_Work instruction_.
Only the lines below from the one that contains "The scanner provides" through the one that contains "Also above you" should appear in your answer, exact and without pictures.

_Raw data_.
......
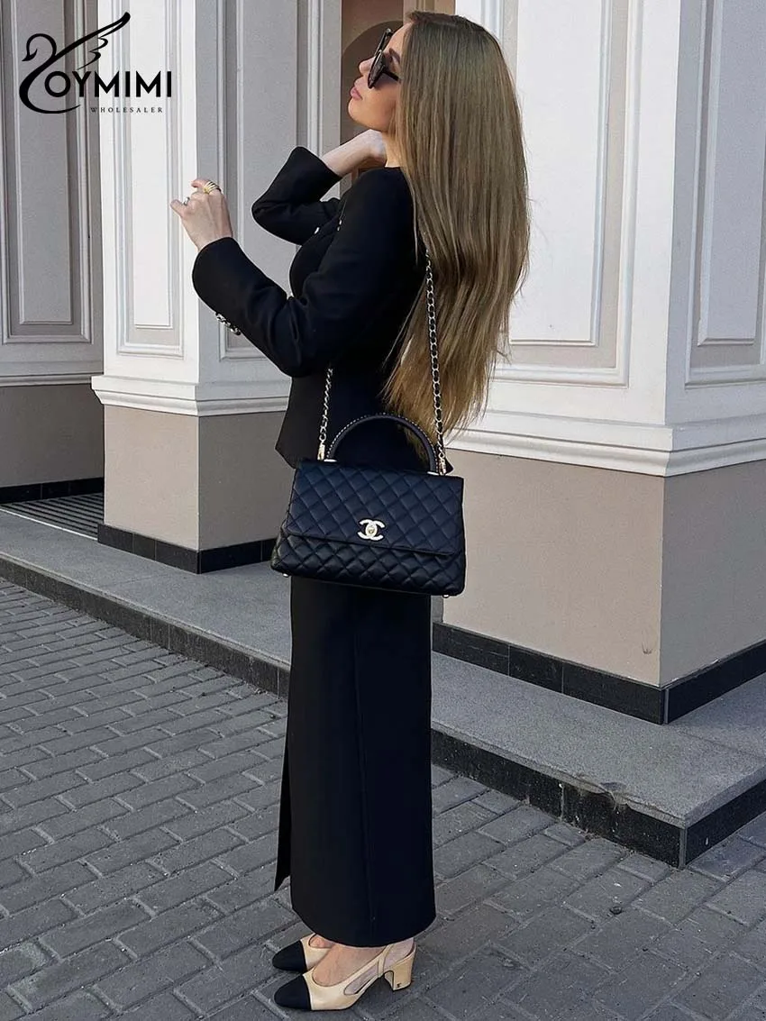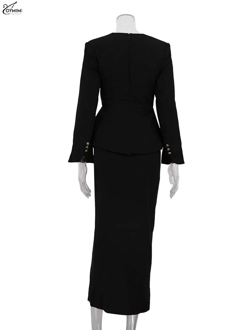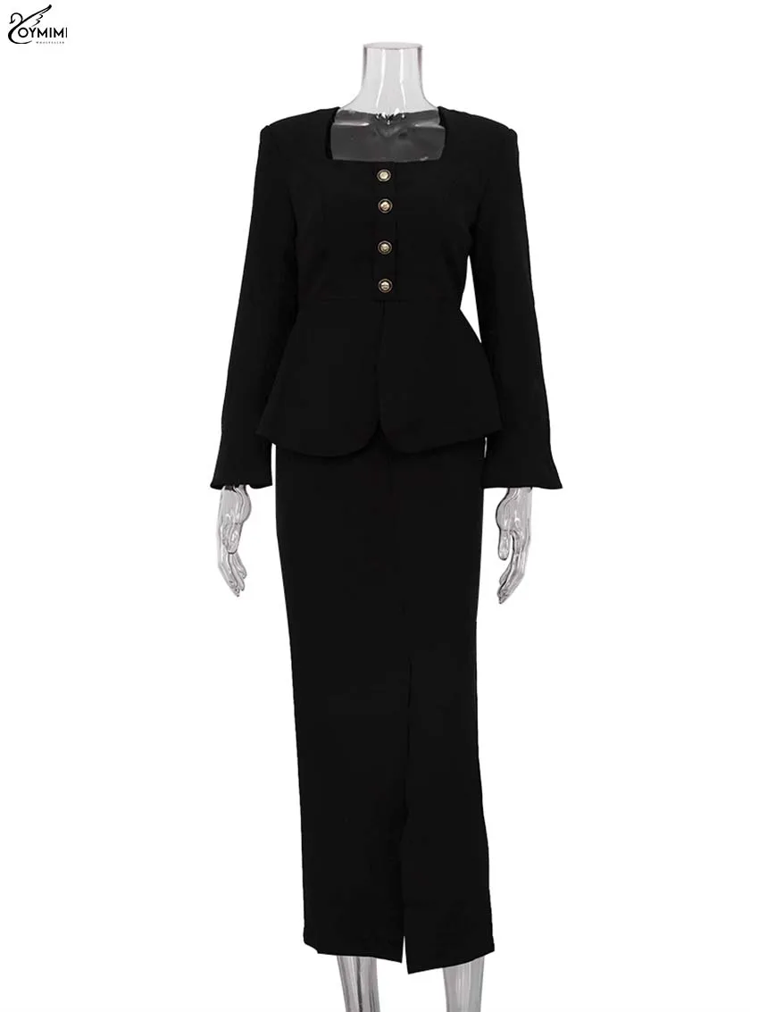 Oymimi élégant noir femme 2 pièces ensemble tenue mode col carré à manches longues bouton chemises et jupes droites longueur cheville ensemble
......
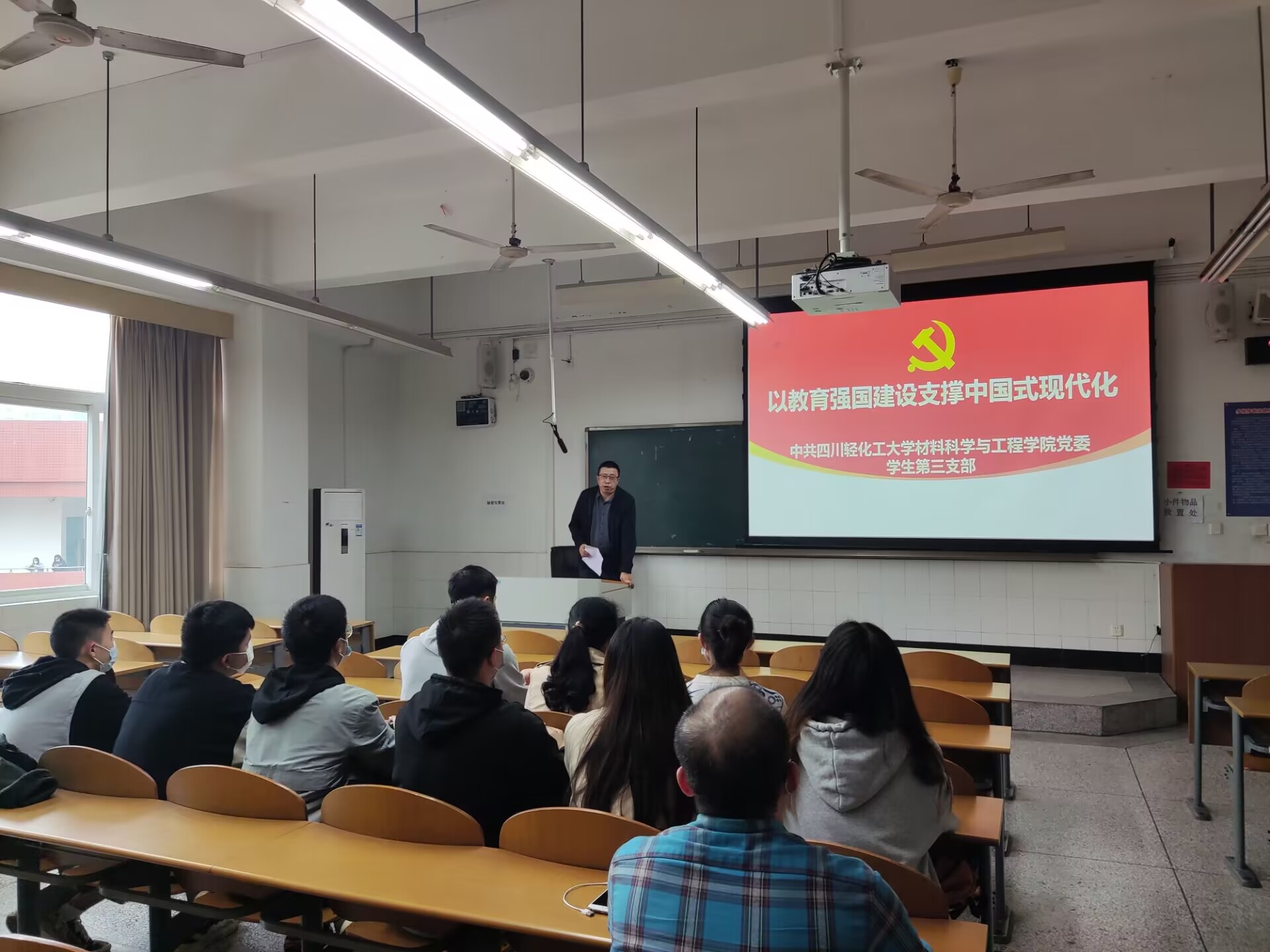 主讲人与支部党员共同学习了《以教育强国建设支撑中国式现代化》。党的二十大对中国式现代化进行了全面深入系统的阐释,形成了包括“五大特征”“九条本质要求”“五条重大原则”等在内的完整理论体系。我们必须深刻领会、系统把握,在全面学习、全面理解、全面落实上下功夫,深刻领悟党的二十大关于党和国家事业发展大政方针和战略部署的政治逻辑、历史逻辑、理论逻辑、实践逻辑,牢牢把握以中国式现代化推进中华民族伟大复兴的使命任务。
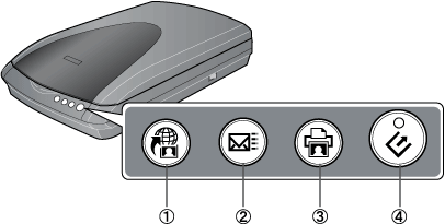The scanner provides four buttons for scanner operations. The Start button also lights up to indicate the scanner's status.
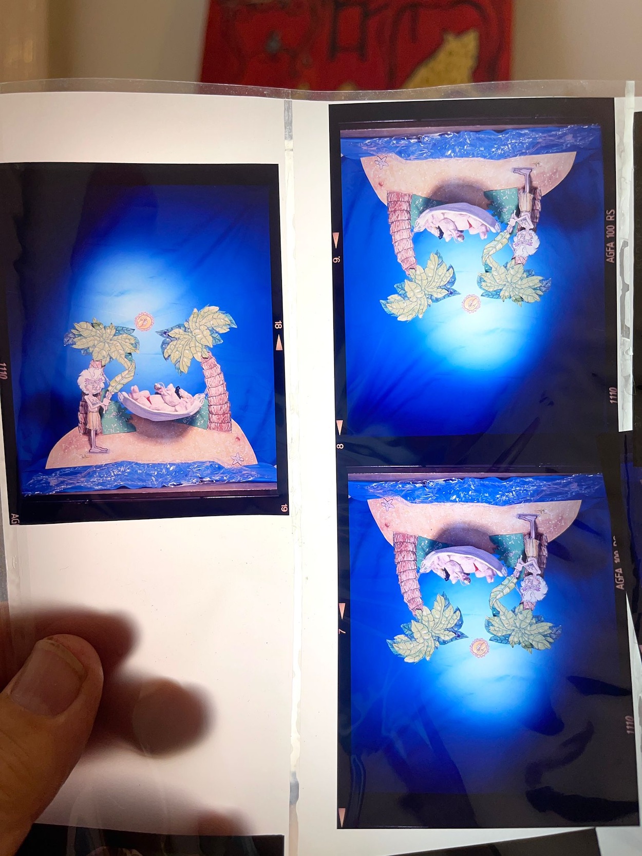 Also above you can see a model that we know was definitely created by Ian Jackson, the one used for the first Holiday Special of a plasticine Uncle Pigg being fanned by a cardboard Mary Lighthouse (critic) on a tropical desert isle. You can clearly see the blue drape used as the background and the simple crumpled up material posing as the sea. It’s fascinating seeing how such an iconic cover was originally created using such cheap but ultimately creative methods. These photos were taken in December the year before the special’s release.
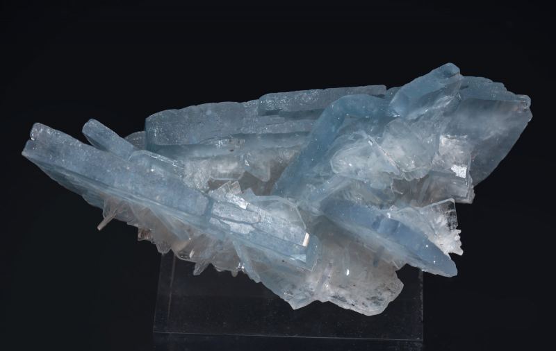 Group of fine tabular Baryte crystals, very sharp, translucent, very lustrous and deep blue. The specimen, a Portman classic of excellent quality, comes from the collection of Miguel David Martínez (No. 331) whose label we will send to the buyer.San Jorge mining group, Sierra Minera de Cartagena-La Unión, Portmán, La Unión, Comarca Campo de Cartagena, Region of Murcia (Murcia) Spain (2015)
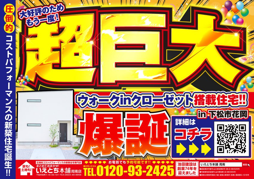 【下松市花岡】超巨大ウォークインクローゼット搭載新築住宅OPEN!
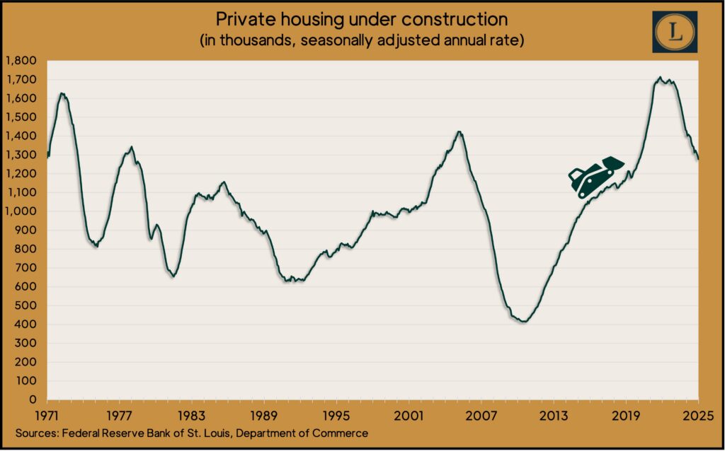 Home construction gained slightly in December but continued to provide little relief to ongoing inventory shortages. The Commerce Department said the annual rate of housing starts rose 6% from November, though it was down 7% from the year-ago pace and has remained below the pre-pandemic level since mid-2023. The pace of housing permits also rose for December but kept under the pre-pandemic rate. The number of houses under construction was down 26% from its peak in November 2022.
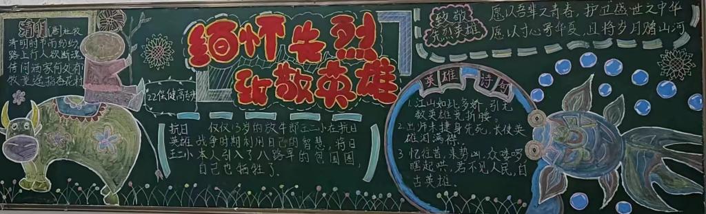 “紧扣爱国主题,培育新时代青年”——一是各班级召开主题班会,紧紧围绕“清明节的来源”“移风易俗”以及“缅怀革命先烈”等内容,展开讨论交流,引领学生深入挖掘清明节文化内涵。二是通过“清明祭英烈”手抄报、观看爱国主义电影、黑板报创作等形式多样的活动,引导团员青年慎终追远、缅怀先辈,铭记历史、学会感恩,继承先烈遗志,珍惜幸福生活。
......
_Written response_.
The scanner provides four buttons for scanner operations. The Start button also lights up to indicate the scanner's status.
 Also above you can see a model that we know was definitely created by Ian Jackson, the one used for the first Holiday Special of a plasticine Uncle Pigg being fanned by a cardboard Mary Lighthouse (critic) on a tropical desert isle. You can clearly see the blue drape used as the background and the simple crumpled up material posing as the sea. It’s fascinating seeing how such an iconic cover was originally created using such cheap but ultimately creative methods. These photos were taken in December the year before the special’s release.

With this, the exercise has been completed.